O Crime do Padre Amaro - Eça de Queirós [parte 23]

- Ai, tem-nos feito muita companhia, disse Amélia. Vem quase todos os dias.
- É um santo! exclamou a Gertrudes.
- Decerto, decerto, murmurou Amaro descontente dum entusiasmo tão vivo. Pessoa de muita virtude...
- De muita virtude, suspirou a velha. Mas... - calou-se, não ousando decerto exprimir as suas reservas de devota. E exclamou numa súplica: Ai, o senhor pároco é que devia vir por aqui, ajudar-me a levar esta cruz da doença...
- Hei-de vir, minha senhora, hei-de vir. É bom para a distrair, para lhe dar as noticias... E a propósito, tive ontem carta do nosso cônego.
Rebuscou na algibeira, leu alguns períodos da carta. O padre-mestre já tinha quinze banhos. A praia estava cheia de gente. A D. Maria passara doente com um furúnculo. O tempo famoso. Todas as tardes grandes passeatas a ver recolher as redes. A S. Joaneira, boa, mas falando sempre na filha...

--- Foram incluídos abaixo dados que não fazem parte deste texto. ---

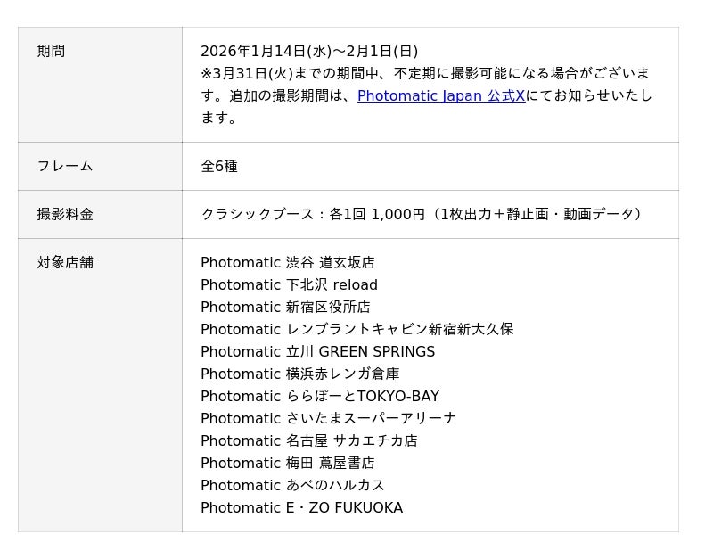 2026年1月14日(水)から全国12カ所のフォトブースで撮影可能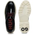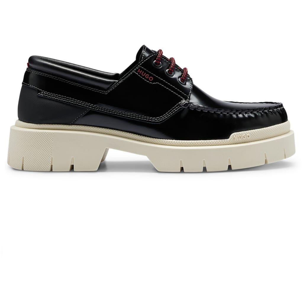Discover the refined elegance of Hugo loafers, designed in a classic boat shoe style. These shoes feature a distinctive moc toe, offering a sophisticated touch to your footwear collection. Perfect for those seeking a blend of style and comfort, these loafers are an ideal choice for any occasion. -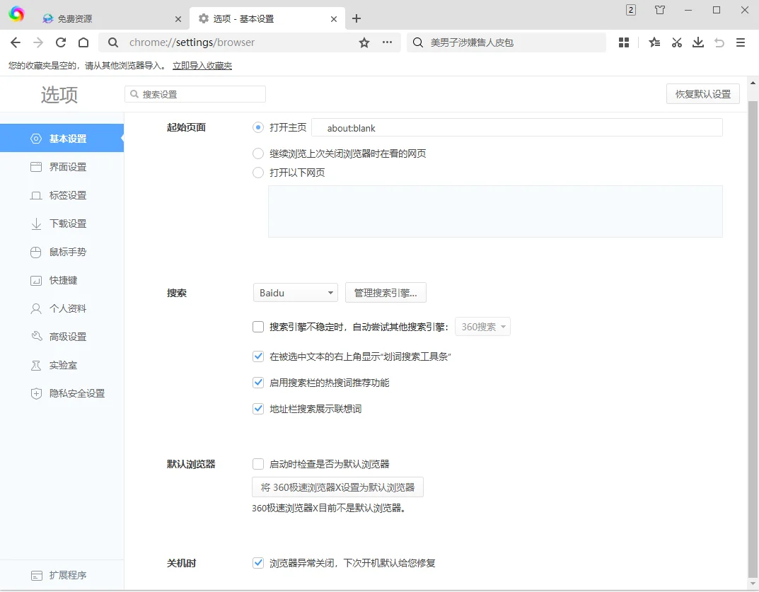 - 首次启动时,浏览器将使用空白主页,可根据需要自定义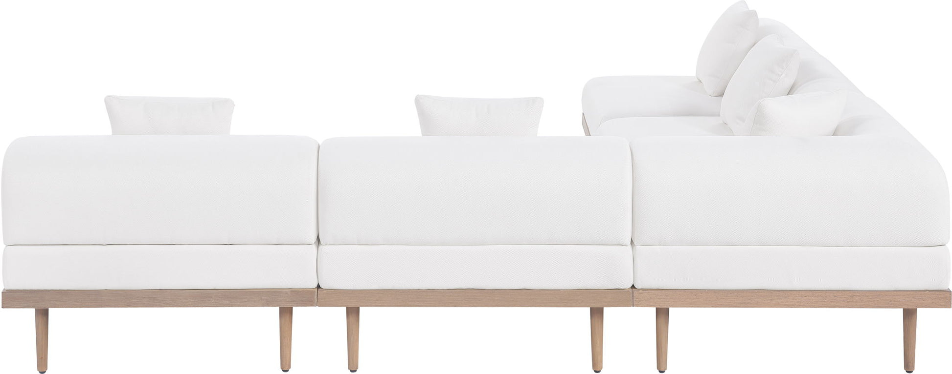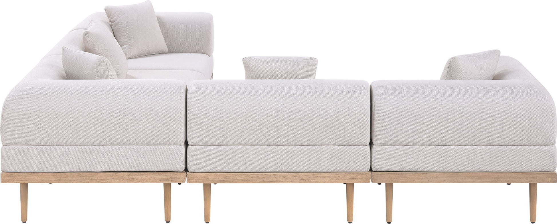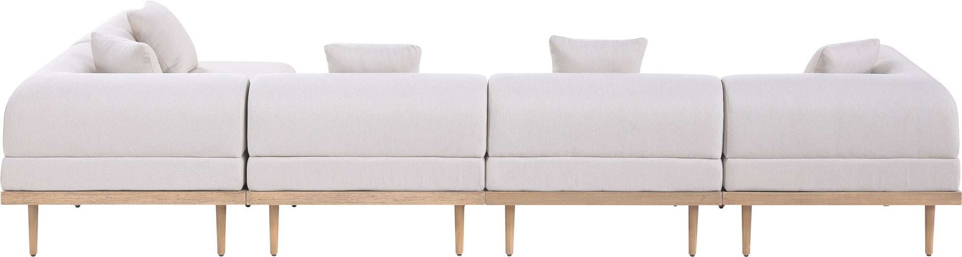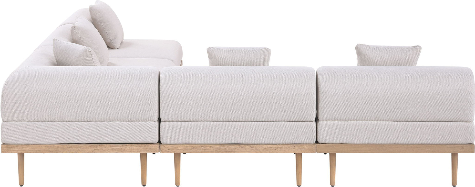 Sleek lines and soft water-resistant fabric bring contemporary style to the Laguna outdoor patio modular sectional. Crafted with a natural teak finish aluminum frame and quick-dry foam, it's built for ultimate outdoor relaxation. Rearrange or add to the set for endless configurations, creating a versatile lounging experience tailored to your space.

- Pobre mamã... choramigou Amélia.
Mas a velha não se interessava com as novidades, gemendo a sua ronqueira. Foi Amélia que perguntou pelos amigos de Leiria, pelo Sr, padre Natário, pelo Sr, padre Silvério...
Ia escurecendo já: a Gertrudes fora preparar o candeeiro. Amaro enfim ergueu-se:
- Pois, minha senhora, até outro dia. Esteja certa que hei-de aparecer de vez em quando. E nada de afligir... Agasalho, boa dieta, e a misericórdia de Deus não a há-de abandonar...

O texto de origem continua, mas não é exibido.